### [PROBLEM DESCRIPTION]
The finished copy should match every record exactly and contain no pictures.

(Data items)
::::

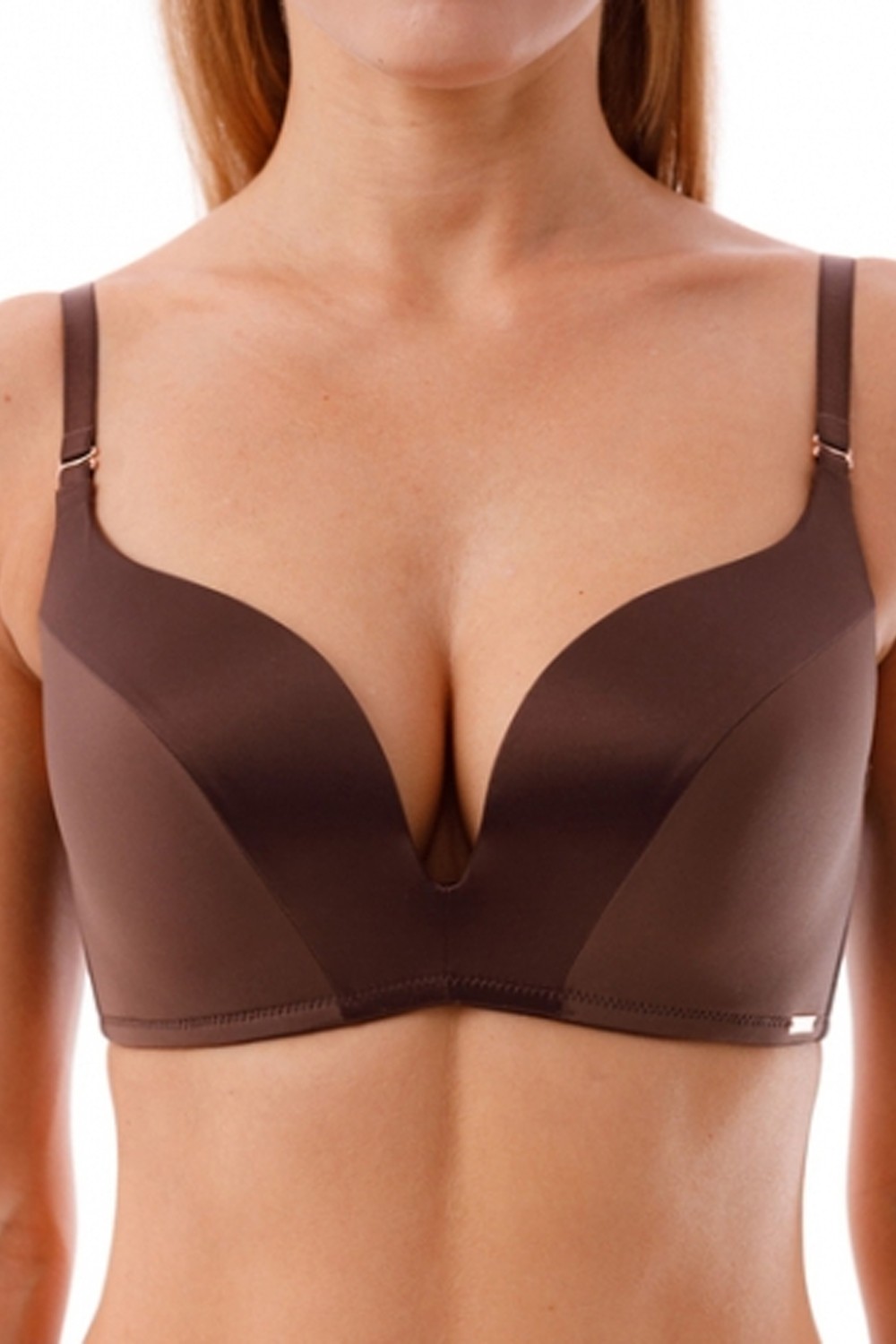 Бюстгальтер «пуш-ап» на поролоне бескостный, выполнен из шелковистой микрофибры. Бретели съемные с регулировкой. Украшение: медальон COQUETTE REVUE.
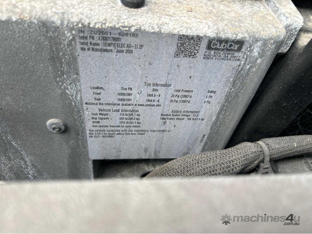 CP: 06/2024,Built: 06/2024,Club Car,Tempo,2 Seat Golf Cart,Battery,Odometer not visible,Hourmeter not visible,Colour: Green,Unregistered,Serial No: ZU,Sold with No Plates
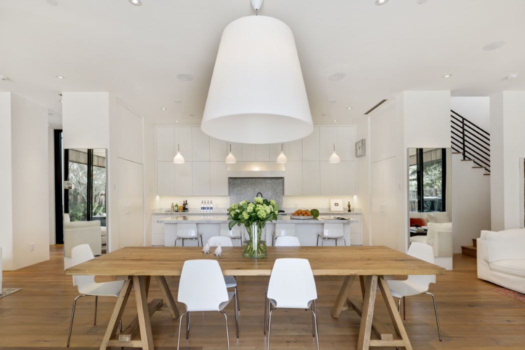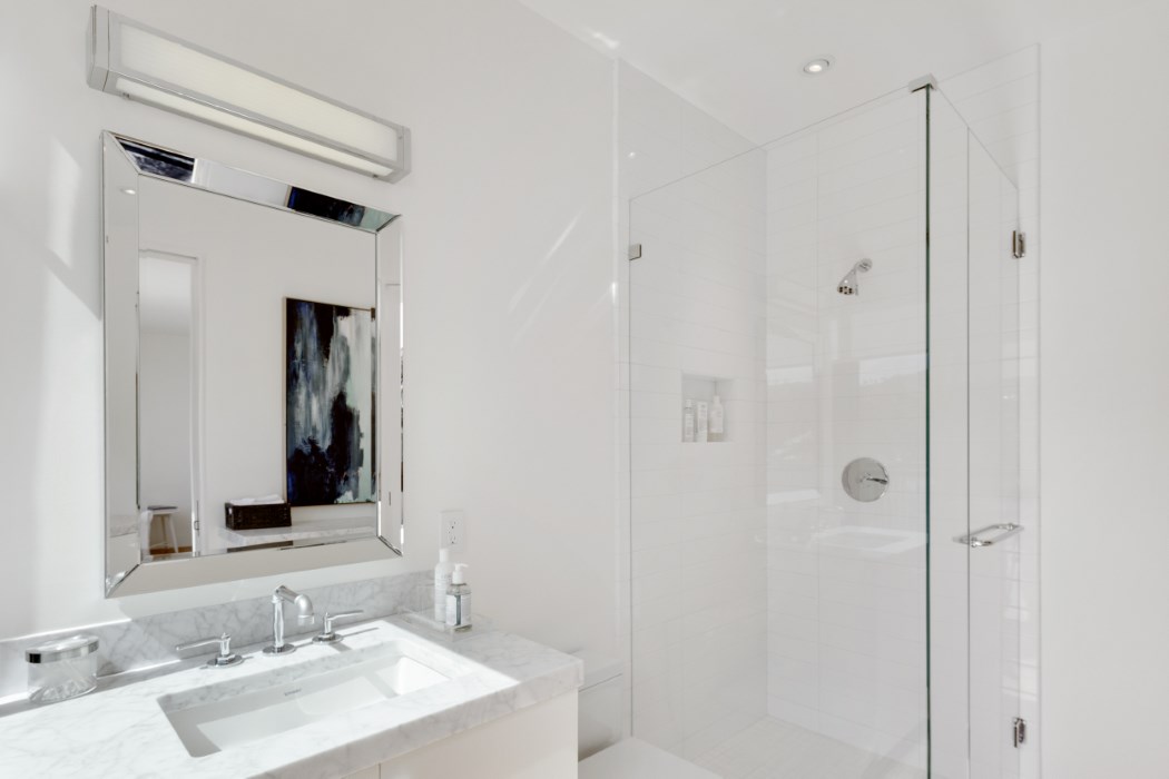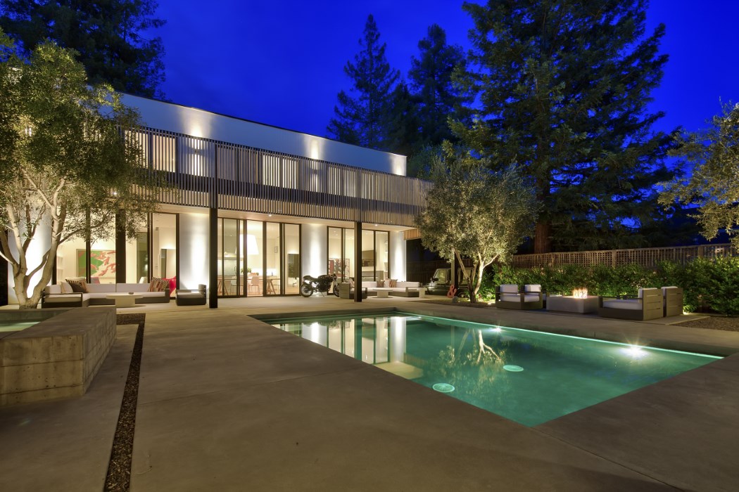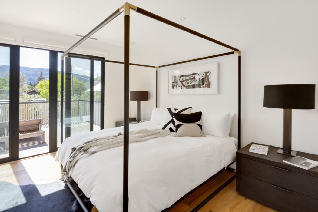 Welcome to 1318 Stockton St, a stylish retreat in the heart of St. Helena. Architect Shay Zak and Designer Mary Moore collaborated to create a simply irresistible compound. Keeping with the signature design nature of Zak Architectures, simplicity is key, as well as the use of authentic materials. Solid wide plank oak floors, Carrara marble, Fleetwood black steel windows/ doors, stainless steel appliances and subway tiles are just a few of the materials that add bravura, but incorporate a toughened functional atmosphere. The main floor, rectangular in shape, boast a great room which includes the kitchen, dining area and two living spaces. The second story incorporates a comfortable common area and two bedrooms en suites; all flowing out to an oversized deck overlooking a serene courtyard. Zak and Moore incorporated several intimate spaces that add to the unity of the courtyard and the relationship the pool plays as the central focal point of the outdoor living space. As you continue past the fire pit, spa and olives trees you will find a two-bedroom en suite guest house, divided by a breezeway. The guest house suites are an extension of the main house, tying in the use of real materials such as solid oak floors, black steel windows/ doors and Carrara marble. Each suite showcases the attention Moore has placed on the connection between outdoor and indoor living spaces. “I feel like I am always on the verge of being inside and outside at the same time here” says Moore. To Zak and Moore, this St. Helena compound is simply irresistible!
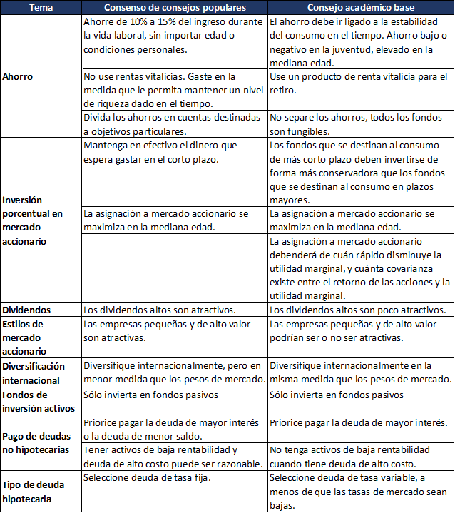 A continuación les presento la traducción del principal cuadro del informe, que resume y compara, para una serie de decisiones, la recomendación más común en los libros de finanzas personales y la recomendación esperada al consultar la literatura académica.
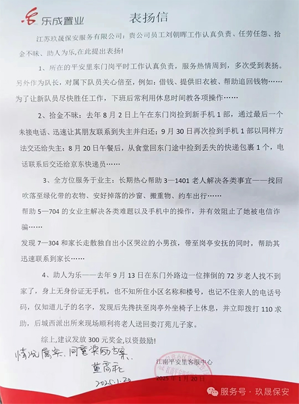 These thoughtful services are visible to the owners. The client unit was deeply moved and sent a letter of commendation to Jiangsu Jiusheng Company, highly praising the security team's quality of returning lost property and helping others, as well as their serious and responsible attitude, affirming that they have created a safe and harmonious living environment for the project.
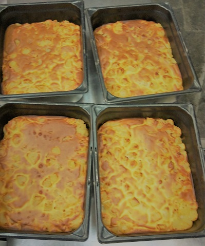 「クラフティ」とは、フランスの伝統的な焼き菓子です。「クラフティ」とは、フランス語で「いっぱいつめる」という意味があります。給食では、ミニバットにコーンフレークをしきつめて、りんごの缶づめと小麦粉、砂糖、卵、クリームを混ぜたものを流し入れて、オーブンでこんがりふっくら焼きました。子ども達は「おいしい」とパクパク食べていました。
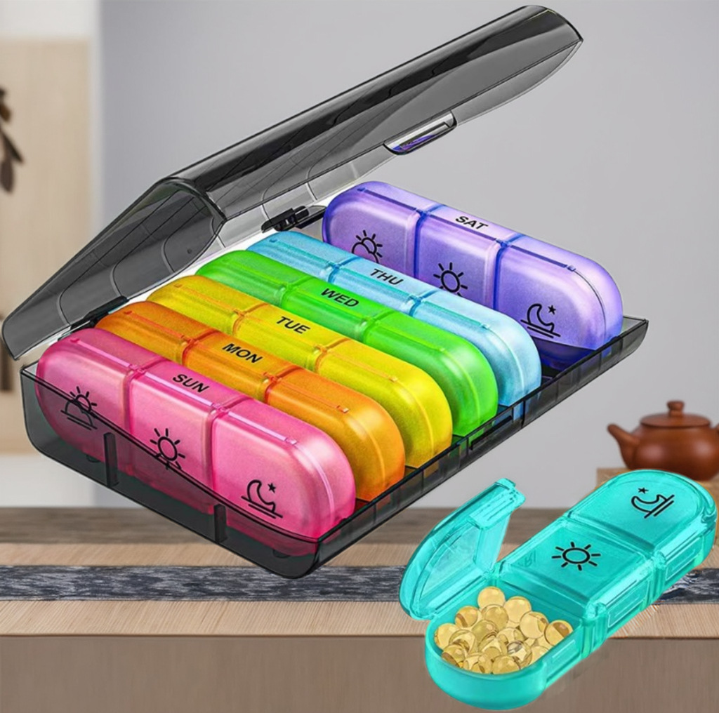 Amazonの新しい1週間14コンパートメント朝と夜のピルボックス、便利な1日2回PPプラスチック製の小さなピルボックス
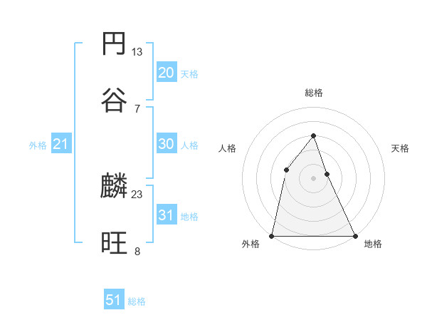 円谷 麟旺さんを姓名の画数から五運を鑑定

::::

### [EXERCISE SOLUTION]
 Бюстгальтер «пуш-ап» на поролоне бескостный, выполнен из шелковистой микрофибры. Бретели съемные с регулировкой. Украшение: медальон COQUETTE REVUE.
 CP: 06/2024,Built: 06/2024,Club Car,Tempo,2 Seat Golf Cart,Battery,Odometer not visible,Hourmeter not visible,Colour: Green,Unregistered,Serial No: ZU,Sold with No Plates
 Welcome to 1318 Stockton St, a stylish retreat in the heart of St. Helena. Architect Shay Zak and Designer Mary Moore collaborated to create a simply irresistible compound. Keeping with the signature design nature of Zak Architectures, simplicity is key, as well as the use of authentic materials. Solid wide plank oak floors, Carrara marble, Fleetwood black steel windows/ doors, stainless steel appliances and subway tiles are just a few of the materials that add bravura, but incorporate a toughened functional atmosphere. The main floor, rectangular in shape, boast a great room which includes the kitchen, dining area and two living spaces. The second story incorporates a comfortable common area and two bedrooms en suites; all flowing out to an oversized deck overlooking a serene courtyard. Zak and Moore incorporated several intimate spaces that add to the unity of the courtyard and the relationship the pool plays as the central focal point of the outdoor living space. As you continue past the fire pit, spa and olives trees you will find a two-bedroom en suite guest house, divided by a breezeway. The guest house suites are an extension of the main house, tying in the use of real materials such as solid oak floors, black steel windows/ doors and Carrara marble. Each suite showcases the attention Moore has placed on the connection between outdoor and indoor living spaces. “I feel like I am always on the verge of being inside and outside at the same time here” says Moore. To Zak and Moore, this St. Helena compound is simply irresistible!
 A continuación les presento la traducción del principal cuadro del informe, que resume y compara, para una serie de decisiones, la recomendación más común en los libros de finanzas personales y la recomendación esperada al consultar la literatura académica.
 These thoughtful services are visible to the owners. The client unit was deeply moved and sent a letter of commendation to Jiangsu Jiusheng Company, highly praising the security team's quality of returning lost property and helping others, as well as their serious and responsible attitude, affirming that they have created a safe and harmonious living environment for the project.
 「クラフティ」とは、フランスの伝統的な焼き菓子です。「クラフティ」とは、フランス語で「いっぱいつめる」という意味があります。給食では、ミニバットにコーンフレークをしきつめて、りんごの缶づめと小麦粉、砂糖、卵、クリームを混ぜたものを流し入れて、オーブンでこんがりふっくら焼きました。子ども達は「おいしい」とパクパク食べていました。
 Amazonの新しい1週間14コンパートメント朝と夜のピルボックス、便利な1日2回PPプラスチック製の小さなピルボックス
 円谷 麟旺さんを姓名の画数から五運を鑑定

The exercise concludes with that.